→ BRIEF
The stretch from the line with "قال الإمام العلامة" through the line with "Bei den Typen" in the records below: write it out exactly, and nothing else.

(Stored dataset items)
=== Begin Enclosure ===
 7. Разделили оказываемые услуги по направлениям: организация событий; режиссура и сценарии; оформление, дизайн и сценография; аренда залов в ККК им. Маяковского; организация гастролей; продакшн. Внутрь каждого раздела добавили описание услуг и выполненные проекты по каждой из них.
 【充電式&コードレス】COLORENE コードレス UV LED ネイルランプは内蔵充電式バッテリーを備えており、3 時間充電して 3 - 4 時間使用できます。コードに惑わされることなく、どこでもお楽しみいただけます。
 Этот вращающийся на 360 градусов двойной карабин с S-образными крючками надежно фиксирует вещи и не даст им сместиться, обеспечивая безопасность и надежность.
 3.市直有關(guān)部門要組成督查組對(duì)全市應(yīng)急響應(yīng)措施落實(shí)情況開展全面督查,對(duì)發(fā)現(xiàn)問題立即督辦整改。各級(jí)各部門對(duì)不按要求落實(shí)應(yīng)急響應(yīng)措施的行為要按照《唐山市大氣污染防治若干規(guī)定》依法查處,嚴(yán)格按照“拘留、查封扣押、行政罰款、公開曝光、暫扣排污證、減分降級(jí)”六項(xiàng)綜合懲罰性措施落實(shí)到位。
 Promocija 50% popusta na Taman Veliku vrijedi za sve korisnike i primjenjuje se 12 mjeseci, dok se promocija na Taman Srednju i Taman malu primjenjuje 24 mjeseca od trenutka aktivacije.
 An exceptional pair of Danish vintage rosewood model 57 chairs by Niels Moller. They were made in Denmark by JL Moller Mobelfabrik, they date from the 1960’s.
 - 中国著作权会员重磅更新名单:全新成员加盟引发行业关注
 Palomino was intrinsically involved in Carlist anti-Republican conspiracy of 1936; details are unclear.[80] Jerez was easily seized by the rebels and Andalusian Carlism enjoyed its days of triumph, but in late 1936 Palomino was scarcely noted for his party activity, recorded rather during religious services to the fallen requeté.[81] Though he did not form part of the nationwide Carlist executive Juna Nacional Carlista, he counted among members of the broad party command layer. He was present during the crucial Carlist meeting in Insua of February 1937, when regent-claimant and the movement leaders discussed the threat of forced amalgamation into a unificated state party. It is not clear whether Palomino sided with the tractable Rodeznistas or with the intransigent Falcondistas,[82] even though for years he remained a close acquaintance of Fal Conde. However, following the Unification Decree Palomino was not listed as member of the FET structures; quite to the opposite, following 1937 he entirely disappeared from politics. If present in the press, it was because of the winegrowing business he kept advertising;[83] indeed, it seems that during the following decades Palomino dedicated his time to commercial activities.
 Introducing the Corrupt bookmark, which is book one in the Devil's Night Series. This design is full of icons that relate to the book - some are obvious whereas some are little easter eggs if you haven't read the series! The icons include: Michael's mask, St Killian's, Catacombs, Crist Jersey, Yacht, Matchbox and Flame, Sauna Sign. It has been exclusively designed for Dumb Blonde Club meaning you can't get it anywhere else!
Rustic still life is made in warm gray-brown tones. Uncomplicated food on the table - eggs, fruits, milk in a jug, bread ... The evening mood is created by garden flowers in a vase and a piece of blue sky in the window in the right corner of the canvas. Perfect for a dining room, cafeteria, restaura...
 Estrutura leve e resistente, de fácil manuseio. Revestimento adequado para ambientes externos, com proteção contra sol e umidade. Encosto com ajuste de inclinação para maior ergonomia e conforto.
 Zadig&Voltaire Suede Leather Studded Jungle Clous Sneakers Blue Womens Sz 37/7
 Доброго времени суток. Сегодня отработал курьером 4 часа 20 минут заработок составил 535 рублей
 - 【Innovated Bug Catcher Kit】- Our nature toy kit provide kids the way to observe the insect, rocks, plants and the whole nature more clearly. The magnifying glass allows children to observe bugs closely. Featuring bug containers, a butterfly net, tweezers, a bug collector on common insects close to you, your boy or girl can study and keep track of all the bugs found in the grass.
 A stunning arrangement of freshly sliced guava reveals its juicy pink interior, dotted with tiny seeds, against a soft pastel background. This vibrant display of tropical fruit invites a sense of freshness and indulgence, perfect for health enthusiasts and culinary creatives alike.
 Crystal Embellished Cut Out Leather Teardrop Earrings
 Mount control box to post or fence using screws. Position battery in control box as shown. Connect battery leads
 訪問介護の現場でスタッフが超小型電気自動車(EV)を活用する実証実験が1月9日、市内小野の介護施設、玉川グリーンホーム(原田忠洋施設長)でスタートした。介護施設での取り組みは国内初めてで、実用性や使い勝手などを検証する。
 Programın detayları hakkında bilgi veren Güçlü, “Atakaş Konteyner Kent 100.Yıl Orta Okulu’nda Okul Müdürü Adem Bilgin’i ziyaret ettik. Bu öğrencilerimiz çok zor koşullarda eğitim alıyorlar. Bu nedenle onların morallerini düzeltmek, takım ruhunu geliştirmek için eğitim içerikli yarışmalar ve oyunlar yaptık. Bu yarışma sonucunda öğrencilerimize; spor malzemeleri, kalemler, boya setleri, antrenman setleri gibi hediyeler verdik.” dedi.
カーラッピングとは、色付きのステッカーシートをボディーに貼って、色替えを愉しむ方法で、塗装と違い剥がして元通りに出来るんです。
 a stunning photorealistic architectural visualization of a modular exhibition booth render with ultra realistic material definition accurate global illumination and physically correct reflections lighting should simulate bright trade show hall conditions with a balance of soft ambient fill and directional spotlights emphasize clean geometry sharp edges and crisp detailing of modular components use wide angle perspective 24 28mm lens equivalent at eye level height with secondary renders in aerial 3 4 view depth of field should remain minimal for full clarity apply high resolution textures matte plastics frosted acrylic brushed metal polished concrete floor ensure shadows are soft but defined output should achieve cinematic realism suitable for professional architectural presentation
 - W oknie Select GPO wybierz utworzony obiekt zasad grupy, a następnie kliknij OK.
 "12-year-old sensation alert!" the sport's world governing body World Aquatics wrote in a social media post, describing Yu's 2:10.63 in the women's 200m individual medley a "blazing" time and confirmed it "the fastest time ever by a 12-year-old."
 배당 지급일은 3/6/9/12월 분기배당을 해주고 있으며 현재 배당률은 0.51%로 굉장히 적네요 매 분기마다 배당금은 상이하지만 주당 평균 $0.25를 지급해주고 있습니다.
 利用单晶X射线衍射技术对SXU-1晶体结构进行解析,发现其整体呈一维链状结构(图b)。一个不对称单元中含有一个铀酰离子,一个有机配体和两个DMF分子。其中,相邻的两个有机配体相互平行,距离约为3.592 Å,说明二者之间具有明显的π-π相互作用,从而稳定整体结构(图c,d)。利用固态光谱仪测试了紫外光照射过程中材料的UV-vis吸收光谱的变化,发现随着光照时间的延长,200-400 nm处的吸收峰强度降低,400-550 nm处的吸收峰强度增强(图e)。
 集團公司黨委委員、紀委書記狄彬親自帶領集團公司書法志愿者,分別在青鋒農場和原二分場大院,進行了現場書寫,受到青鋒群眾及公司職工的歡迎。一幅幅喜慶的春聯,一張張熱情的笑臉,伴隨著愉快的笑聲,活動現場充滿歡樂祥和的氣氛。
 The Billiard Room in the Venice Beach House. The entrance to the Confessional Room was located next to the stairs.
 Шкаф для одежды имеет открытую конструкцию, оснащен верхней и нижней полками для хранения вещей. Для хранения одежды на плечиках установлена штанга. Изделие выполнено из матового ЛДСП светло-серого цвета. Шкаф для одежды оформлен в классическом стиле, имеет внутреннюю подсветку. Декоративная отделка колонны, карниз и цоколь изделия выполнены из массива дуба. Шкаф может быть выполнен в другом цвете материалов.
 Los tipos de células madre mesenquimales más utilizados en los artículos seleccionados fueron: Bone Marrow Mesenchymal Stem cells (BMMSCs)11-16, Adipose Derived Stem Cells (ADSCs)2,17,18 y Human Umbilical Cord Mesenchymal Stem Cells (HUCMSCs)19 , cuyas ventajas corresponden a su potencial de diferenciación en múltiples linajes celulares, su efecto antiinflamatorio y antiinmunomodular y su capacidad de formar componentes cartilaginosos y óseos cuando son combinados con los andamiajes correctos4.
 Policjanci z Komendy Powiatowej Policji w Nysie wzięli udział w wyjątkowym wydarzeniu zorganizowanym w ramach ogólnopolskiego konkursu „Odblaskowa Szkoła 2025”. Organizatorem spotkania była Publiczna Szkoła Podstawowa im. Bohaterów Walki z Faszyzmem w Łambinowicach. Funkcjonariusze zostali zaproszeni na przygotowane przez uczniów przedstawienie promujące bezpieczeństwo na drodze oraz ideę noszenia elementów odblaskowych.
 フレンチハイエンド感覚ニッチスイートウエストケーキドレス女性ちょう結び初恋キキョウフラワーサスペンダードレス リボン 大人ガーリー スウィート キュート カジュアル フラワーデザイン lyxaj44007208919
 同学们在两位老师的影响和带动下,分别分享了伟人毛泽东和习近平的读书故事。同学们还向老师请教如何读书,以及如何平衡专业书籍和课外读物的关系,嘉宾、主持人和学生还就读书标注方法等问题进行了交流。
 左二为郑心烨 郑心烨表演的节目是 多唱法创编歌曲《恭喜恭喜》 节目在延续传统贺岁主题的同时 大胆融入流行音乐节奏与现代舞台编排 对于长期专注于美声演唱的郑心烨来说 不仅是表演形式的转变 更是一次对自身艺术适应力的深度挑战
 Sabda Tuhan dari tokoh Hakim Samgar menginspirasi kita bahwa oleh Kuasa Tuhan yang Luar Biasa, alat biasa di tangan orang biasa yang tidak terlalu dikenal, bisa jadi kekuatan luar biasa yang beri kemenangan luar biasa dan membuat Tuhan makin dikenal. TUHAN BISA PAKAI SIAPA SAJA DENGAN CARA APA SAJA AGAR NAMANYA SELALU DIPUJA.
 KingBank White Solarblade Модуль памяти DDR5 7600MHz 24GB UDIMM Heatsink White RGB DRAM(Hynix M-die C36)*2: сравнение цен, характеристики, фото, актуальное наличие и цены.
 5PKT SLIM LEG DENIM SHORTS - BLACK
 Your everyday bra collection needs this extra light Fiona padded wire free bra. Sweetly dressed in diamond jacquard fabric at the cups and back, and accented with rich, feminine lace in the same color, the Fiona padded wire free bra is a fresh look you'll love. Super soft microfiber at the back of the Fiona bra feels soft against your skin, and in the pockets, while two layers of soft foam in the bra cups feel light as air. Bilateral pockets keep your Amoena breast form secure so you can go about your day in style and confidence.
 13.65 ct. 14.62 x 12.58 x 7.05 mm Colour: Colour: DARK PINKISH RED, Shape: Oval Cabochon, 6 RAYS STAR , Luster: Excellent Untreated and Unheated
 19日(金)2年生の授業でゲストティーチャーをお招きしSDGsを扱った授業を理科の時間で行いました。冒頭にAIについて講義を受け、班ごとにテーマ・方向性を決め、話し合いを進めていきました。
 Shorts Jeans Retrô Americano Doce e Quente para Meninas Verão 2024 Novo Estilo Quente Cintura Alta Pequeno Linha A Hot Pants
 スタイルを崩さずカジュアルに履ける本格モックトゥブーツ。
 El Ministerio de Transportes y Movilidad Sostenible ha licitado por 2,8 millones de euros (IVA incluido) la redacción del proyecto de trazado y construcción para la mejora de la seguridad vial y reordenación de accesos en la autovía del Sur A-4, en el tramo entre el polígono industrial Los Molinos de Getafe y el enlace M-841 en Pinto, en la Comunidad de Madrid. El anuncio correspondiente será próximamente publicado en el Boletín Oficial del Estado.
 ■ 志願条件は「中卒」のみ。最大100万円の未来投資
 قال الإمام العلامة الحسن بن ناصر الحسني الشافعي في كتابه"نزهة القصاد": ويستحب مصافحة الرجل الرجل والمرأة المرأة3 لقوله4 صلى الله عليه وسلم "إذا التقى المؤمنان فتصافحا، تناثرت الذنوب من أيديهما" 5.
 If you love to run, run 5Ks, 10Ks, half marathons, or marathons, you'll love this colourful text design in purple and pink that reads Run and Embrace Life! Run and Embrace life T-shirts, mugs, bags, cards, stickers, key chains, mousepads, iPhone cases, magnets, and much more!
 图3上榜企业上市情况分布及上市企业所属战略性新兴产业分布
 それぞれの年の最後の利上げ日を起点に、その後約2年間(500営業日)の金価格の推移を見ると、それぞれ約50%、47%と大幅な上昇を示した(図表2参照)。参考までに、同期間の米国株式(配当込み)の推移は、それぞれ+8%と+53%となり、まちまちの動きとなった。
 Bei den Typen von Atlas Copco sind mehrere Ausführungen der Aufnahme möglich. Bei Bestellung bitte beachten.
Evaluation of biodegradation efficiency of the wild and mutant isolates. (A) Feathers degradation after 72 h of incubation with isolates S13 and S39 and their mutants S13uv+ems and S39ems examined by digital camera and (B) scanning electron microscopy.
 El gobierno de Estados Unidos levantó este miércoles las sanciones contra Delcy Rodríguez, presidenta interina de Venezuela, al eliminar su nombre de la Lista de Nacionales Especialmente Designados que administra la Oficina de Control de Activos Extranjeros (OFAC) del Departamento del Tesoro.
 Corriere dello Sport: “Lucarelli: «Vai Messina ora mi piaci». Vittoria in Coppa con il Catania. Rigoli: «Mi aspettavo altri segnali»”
=== End Enclosure ===
→ TASK SOLUTION
 قال الإمام العلامة الحسن بن ناصر الحسني الشافعي في كتابه"نزهة القصاد": ويستحب مصافحة الرجل الرجل والمرأة المرأة3 لقوله4 صلى الله عليه وسلم "إذا التقى المؤمنان فتصافحا، تناثرت الذنوب من أيديهما" 5.
 If you love to run, run 5Ks, 10Ks, half marathons, or marathons, you'll love this colourful text design in purple and pink that reads Run and Embrace Life! Run and Embrace life T-shirts, mugs, bags, cards, stickers, key chains, mousepads, iPhone cases, magnets, and much more!
 图3上榜企业上市情况分布及上市企业所属战略性新兴产业分布
 それぞれの年の最後の利上げ日を起点に、その後約2年間(500営業日)の金価格の推移を見ると、それぞれ約50%、47%と大幅な上昇を示した(図表2参照)。参考までに、同期間の米国株式(配当込み)の推移は、それぞれ+8%と+53%となり、まちまちの動きとなった。
 Bei den Typen von Atlas Copco sind mehrere Ausführungen der Aufnahme möglich. Bei Bestellung bitte beachten.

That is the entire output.